# musical chefs



## soussweets (Apr 12, 2003)

just out of curiosity,,, i am wondering how many of my fellow cookies play and instrument,, kind of an experiment of creativity. curious what others use as an outlet for their creative aspirations.


----------



## greg (Dec 8, 1999)

I play some guitar, mostly just goofing around. Occasionally I'll try to learn some Carlos Santana licks just as a challenge. I find it's like cooking; I'm creating something that comes from within and am always amazed that I did it.


----------



## shroomgirl (Aug 11, 2000)

I play the piano....not often anymore. I took lessons for 11 years and some college courses in music ed. 
The only time I've played it in the last few years was when I was in love....funny. There is something about playing that let's my heart soar. Mainly Russian classical.


----------



## pete (Oct 7, 2001)

For years I played trombone and bass guitar, but that was ages ago. I doubt I could even read a sheat of music anymore.


----------



## chrose (Nov 20, 2000)

I've been playing guitar and bass pretty much daily for around 25 years or so I've played for fun and played professionally as well. I don't really gig anymore as I got tired of the nights and the grind. Now I am just lazy, but I do play at home all the time. Mostly Steve Vai, Steve Morse, SRV and a whole host of others.


----------



## coolj (Dec 12, 2000)

Well, I tinker with the piano, i used to play more often in high school, but haven't played seriously in years, and now I also want to learn to play guitar.


----------



## w.debord (Mar 6, 2001)

I play piano- so poorly that my hubby finally convinced me to put the old gal out of her misery. She now gets played weekly at a seniors outting.

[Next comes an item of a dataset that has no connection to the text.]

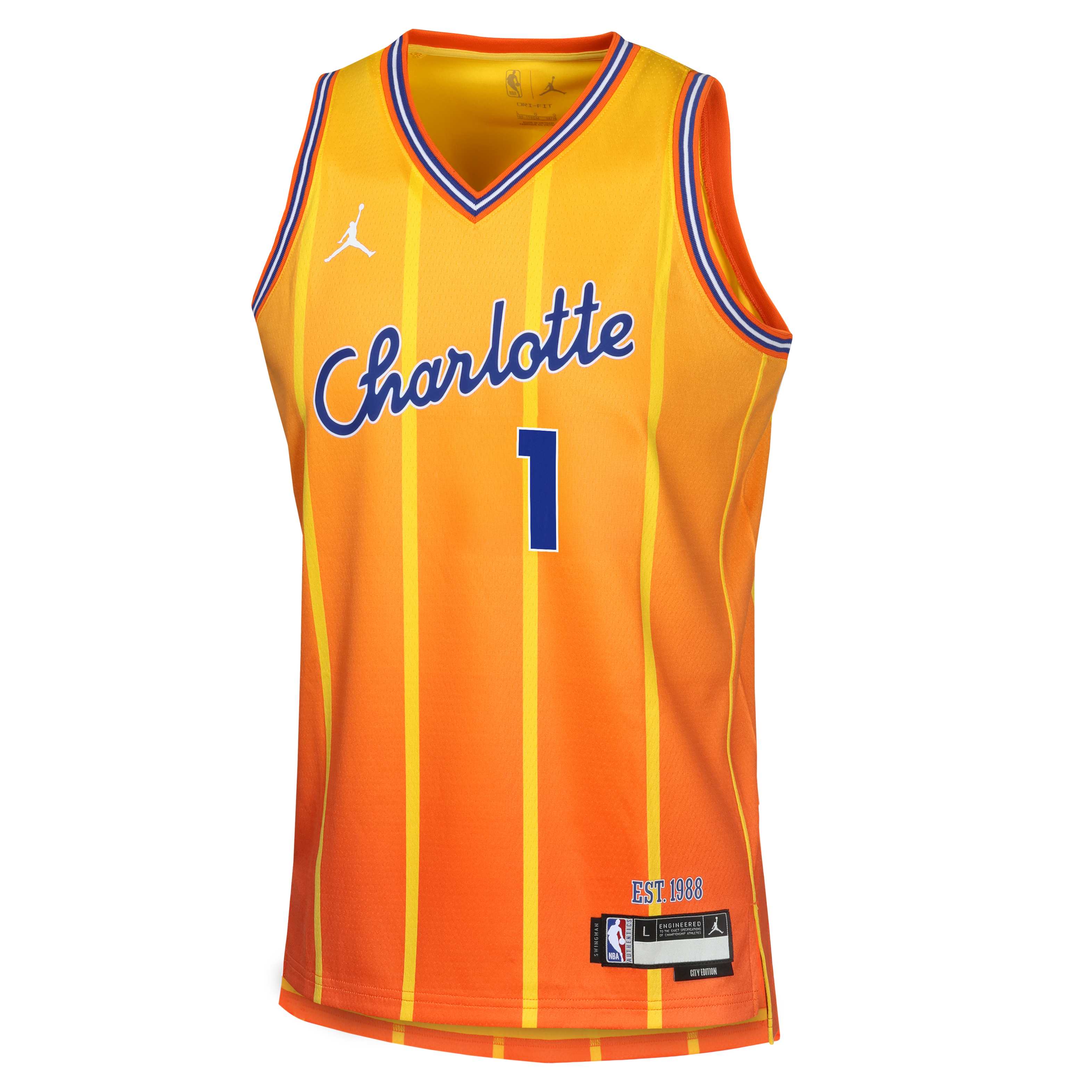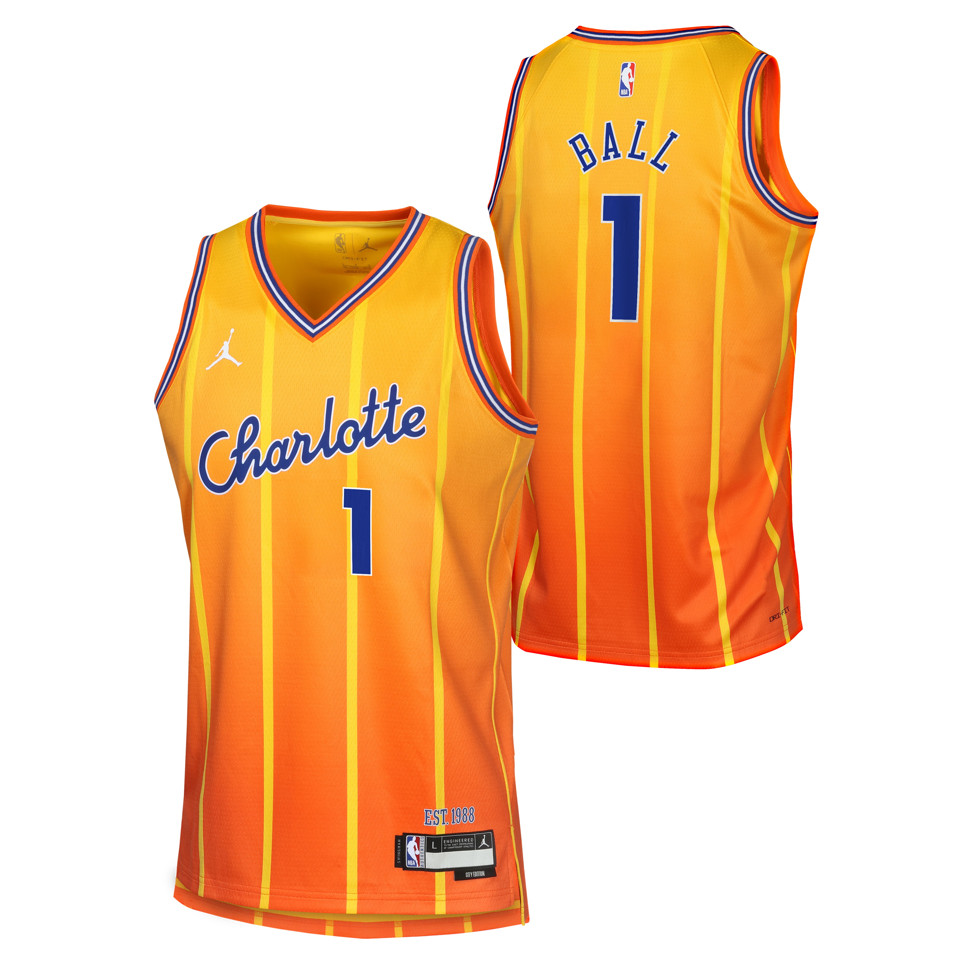 Inspiré de la tenue portée par LaMelo Ball lors des grands rendez-vous NBA, ce maillot arbore fièrement les couleurs dynamiques City Edition : le violet profond et les détails turquoise emblématiques des Hornets. Le numéro 1 et le nom Ball sont fidèlement reproduits, pour un rendu identique à celui que portent les stars sur le parquet du Spectrum Center.
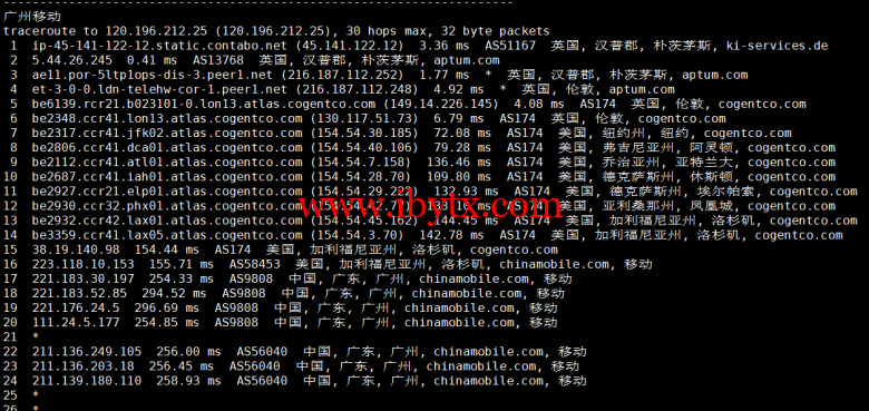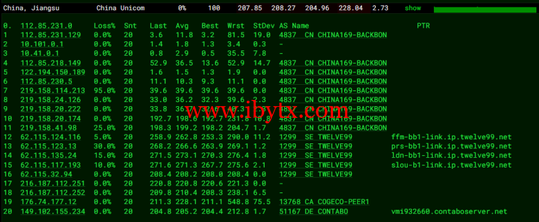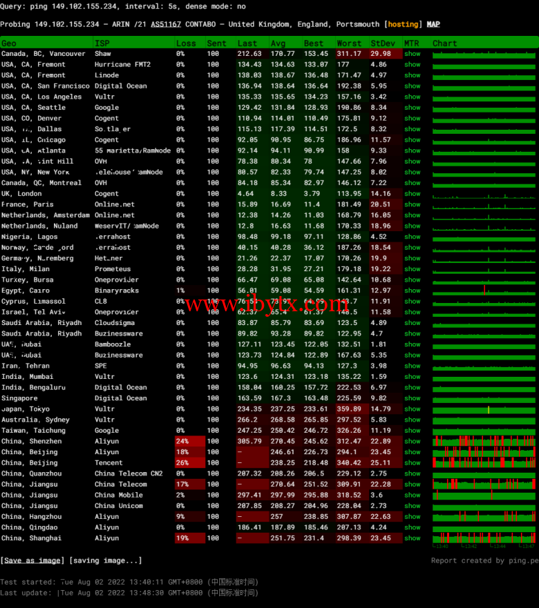 全球丢包测试:

Outlet for creative aspirations: work of course! Being a pastry chef is the perfect outlet for creativity.


----------



## chefhogan (Jun 15, 2003)

Guitar and Trumpet

Hogan


----------



## kuan (Jun 11, 2001)

I sometimes get payed to play classical guitar. 

Kuan


----------



## panini (Jul 28, 2001)

I create my music with carborators,valves and pistons.
The best is when I can take it from a humm to a throaty roar!
My son and I just finished a wonderful concert- 1974 Jensen Healey


----------



## mike (Jan 24, 2003)

Drums and a bit of bass once. Oh and pots & pans.


----------



## chefboy2160 (Oct 13, 2001)

I have played guitar since I was a kid . Great stress let down . Sadly I must say that my other musical vice is women ! Just love to hear those high notes that you cannot reproduce with a musical instrument !


----------



## soussweets (Apr 12, 2003)

well said chefboy,,, i too share your vice above and beyond the music made by mere instruments,,,, but my drums are a strong second place.


----------



## mike (Jan 24, 2003)

Naughty boys. tsk tsk.


----------